- Work instructions: Could you return all of the records exactly as they stand?

Top of Provided records

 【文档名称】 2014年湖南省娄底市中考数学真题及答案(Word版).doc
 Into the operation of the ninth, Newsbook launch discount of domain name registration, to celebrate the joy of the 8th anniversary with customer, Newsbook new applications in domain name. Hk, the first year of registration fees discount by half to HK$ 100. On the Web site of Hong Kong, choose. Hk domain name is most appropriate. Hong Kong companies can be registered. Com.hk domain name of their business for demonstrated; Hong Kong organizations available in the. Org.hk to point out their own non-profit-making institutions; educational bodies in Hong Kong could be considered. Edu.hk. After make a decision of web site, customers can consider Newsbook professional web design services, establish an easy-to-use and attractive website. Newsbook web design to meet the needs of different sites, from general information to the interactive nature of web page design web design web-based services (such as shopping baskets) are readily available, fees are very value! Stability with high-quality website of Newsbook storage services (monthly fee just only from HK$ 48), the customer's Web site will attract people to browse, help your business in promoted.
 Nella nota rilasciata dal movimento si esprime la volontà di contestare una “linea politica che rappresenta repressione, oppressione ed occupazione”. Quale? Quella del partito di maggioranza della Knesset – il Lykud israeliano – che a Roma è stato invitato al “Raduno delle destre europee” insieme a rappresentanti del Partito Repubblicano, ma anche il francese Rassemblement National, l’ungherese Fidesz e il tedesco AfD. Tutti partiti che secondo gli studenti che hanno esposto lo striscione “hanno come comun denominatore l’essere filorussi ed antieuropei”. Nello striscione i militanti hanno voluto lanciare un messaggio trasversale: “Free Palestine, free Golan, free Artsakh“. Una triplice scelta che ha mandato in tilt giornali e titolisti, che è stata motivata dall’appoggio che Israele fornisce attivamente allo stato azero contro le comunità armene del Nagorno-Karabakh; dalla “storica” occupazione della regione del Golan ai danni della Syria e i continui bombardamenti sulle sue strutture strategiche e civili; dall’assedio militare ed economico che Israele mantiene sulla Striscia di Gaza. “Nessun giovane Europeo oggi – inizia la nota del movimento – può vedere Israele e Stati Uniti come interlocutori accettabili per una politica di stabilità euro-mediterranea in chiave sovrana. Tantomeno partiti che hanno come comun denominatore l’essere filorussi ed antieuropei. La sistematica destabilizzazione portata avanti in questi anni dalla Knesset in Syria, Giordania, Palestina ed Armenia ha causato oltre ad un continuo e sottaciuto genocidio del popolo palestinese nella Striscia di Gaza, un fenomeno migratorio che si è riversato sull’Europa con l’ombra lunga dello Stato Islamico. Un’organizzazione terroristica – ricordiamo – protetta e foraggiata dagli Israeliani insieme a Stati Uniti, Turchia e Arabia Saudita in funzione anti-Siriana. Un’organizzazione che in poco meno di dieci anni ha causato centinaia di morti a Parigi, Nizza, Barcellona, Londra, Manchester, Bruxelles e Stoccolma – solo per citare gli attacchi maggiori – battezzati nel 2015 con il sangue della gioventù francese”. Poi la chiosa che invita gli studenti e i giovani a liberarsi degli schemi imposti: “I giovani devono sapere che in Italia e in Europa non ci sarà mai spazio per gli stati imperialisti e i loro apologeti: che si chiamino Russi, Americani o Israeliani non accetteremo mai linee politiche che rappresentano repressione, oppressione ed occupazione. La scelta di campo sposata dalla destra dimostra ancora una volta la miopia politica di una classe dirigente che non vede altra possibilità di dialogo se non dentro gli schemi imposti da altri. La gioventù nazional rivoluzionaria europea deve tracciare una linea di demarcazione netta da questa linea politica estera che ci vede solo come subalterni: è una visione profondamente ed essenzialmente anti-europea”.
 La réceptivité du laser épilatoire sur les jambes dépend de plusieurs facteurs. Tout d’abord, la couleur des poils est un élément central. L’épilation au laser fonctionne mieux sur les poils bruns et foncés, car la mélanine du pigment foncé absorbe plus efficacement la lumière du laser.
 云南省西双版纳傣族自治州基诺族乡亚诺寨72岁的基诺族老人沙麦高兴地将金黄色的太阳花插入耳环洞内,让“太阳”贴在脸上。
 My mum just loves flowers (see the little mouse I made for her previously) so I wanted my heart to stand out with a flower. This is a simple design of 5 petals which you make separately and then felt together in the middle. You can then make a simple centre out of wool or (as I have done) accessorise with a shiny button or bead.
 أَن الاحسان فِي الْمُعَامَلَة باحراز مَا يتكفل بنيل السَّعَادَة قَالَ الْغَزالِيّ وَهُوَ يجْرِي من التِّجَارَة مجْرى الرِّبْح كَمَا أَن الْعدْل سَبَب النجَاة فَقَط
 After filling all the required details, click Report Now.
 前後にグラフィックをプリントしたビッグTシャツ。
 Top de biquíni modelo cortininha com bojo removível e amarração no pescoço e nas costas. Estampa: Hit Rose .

Bottom of Provided records

- Problem solution:
 【文档名称】 2014年湖南省娄底市中考数学真题及答案(Word版).doc
 Into the operation of the ninth, Newsbook launch discount of domain name registration, to celebrate the joy of the 8th anniversary with customer, Newsbook new applications in domain name. Hk, the first year of registration fees discount by half to HK$ 100. On the Web site of Hong Kong, choose. Hk domain name is most appropriate. Hong Kong companies can be registered. Com.hk domain name of their business for demonstrated; Hong Kong organizations available in the. Org.hk to point out their own non-profit-making institutions; educational bodies in Hong Kong could be considered. Edu.hk. After make a decision of web site, customers can consider Newsbook professional web design services, establish an easy-to-use and attractive website. Newsbook web design to meet the needs of different sites, from general information to the interactive nature of web page design web design web-based services (such as shopping baskets) are readily available, fees are very value! Stability with high-quality website of Newsbook storage services (monthly fee just only from HK$ 48), the customer's Web site will attract people to browse, help your business in promoted.
 Nella nota rilasciata dal movimento si esprime la volontà di contestare una “linea politica che rappresenta repressione, oppressione ed occupazione”. Quale? Quella del partito di maggioranza della Knesset – il Lykud israeliano – che a Roma è stato invitato al “Raduno delle destre europee” insieme a rappresentanti del Partito Repubblicano, ma anche il francese Rassemblement National, l’ungherese Fidesz e il tedesco AfD. Tutti partiti che secondo gli studenti che hanno esposto lo striscione “hanno come comun denominatore l’essere filorussi ed antieuropei”. Nello striscione i militanti hanno voluto lanciare un messaggio trasversale: “Free Palestine, free Golan, free Artsakh“. Una triplice scelta che ha mandato in tilt giornali e titolisti, che è stata motivata dall’appoggio che Israele fornisce attivamente allo stato azero contro le comunità armene del Nagorno-Karabakh; dalla “storica” occupazione della regione del Golan ai danni della Syria e i continui bombardamenti sulle sue strutture strategiche e civili; dall’assedio militare ed economico che Israele mantiene sulla Striscia di Gaza. “Nessun giovane Europeo oggi – inizia la nota del movimento – può vedere Israele e Stati Uniti come interlocutori accettabili per una politica di stabilità euro-mediterranea in chiave sovrana. Tantomeno partiti che hanno come comun denominatore l’essere filorussi ed antieuropei. La sistematica destabilizzazione portata avanti in questi anni dalla Knesset in Syria, Giordania, Palestina ed Armenia ha causato oltre ad un continuo e sottaciuto genocidio del popolo palestinese nella Striscia di Gaza, un fenomeno migratorio che si è riversato sull’Europa con l’ombra lunga dello Stato Islamico. Un’organizzazione terroristica – ricordiamo – protetta e foraggiata dagli Israeliani insieme a Stati Uniti, Turchia e Arabia Saudita in funzione anti-Siriana. Un’organizzazione che in poco meno di dieci anni ha causato centinaia di morti a Parigi, Nizza, Barcellona, Londra, Manchester, Bruxelles e Stoccolma – solo per citare gli attacchi maggiori – battezzati nel 2015 con il sangue della gioventù francese”. Poi la chiosa che invita gli studenti e i giovani a liberarsi degli schemi imposti: “I giovani devono sapere che in Italia e in Europa non ci sarà mai spazio per gli stati imperialisti e i loro apologeti: che si chiamino Russi, Americani o Israeliani non accetteremo mai linee politiche che rappresentano repressione, oppressione ed occupazione. La scelta di campo sposata dalla destra dimostra ancora una volta la miopia politica di una classe dirigente che non vede altra possibilità di dialogo se non dentro gli schemi imposti da altri. La gioventù nazional rivoluzionaria europea deve tracciare una linea di demarcazione netta da questa linea politica estera che ci vede solo come subalterni: è una visione profondamente ed essenzialmente anti-europea”.
 La réceptivité du laser épilatoire sur les jambes dépend de plusieurs facteurs. Tout d’abord, la couleur des poils est un élément central. L’épilation au laser fonctionne mieux sur les poils bruns et foncés, car la mélanine du pigment foncé absorbe plus efficacement la lumière du laser.
 云南省西双版纳傣族自治州基诺族乡亚诺寨72岁的基诺族老人沙麦高兴地将金黄色的太阳花插入耳环洞内,让“太阳”贴在脸上。
 My mum just loves flowers (see the little mouse I made for her previously) so I wanted my heart to stand out with a flower. This is a simple design of 5 petals which you make separately and then felt together in the middle. You can then make a simple centre out of wool or (as I have done) accessorise with a shiny button or bead.
 أَن الاحسان فِي الْمُعَامَلَة باحراز مَا يتكفل بنيل السَّعَادَة قَالَ الْغَزالِيّ وَهُوَ يجْرِي من التِّجَارَة مجْرى الرِّبْح كَمَا أَن الْعدْل سَبَب النجَاة فَقَط
 After filling all the required details, click Report Now.
 前後にグラフィックをプリントしたビッグTシャツ。
 Top de biquíni modelo cortininha com bojo removível e amarração no pescoço e nas costas. Estampa: Hit Rose .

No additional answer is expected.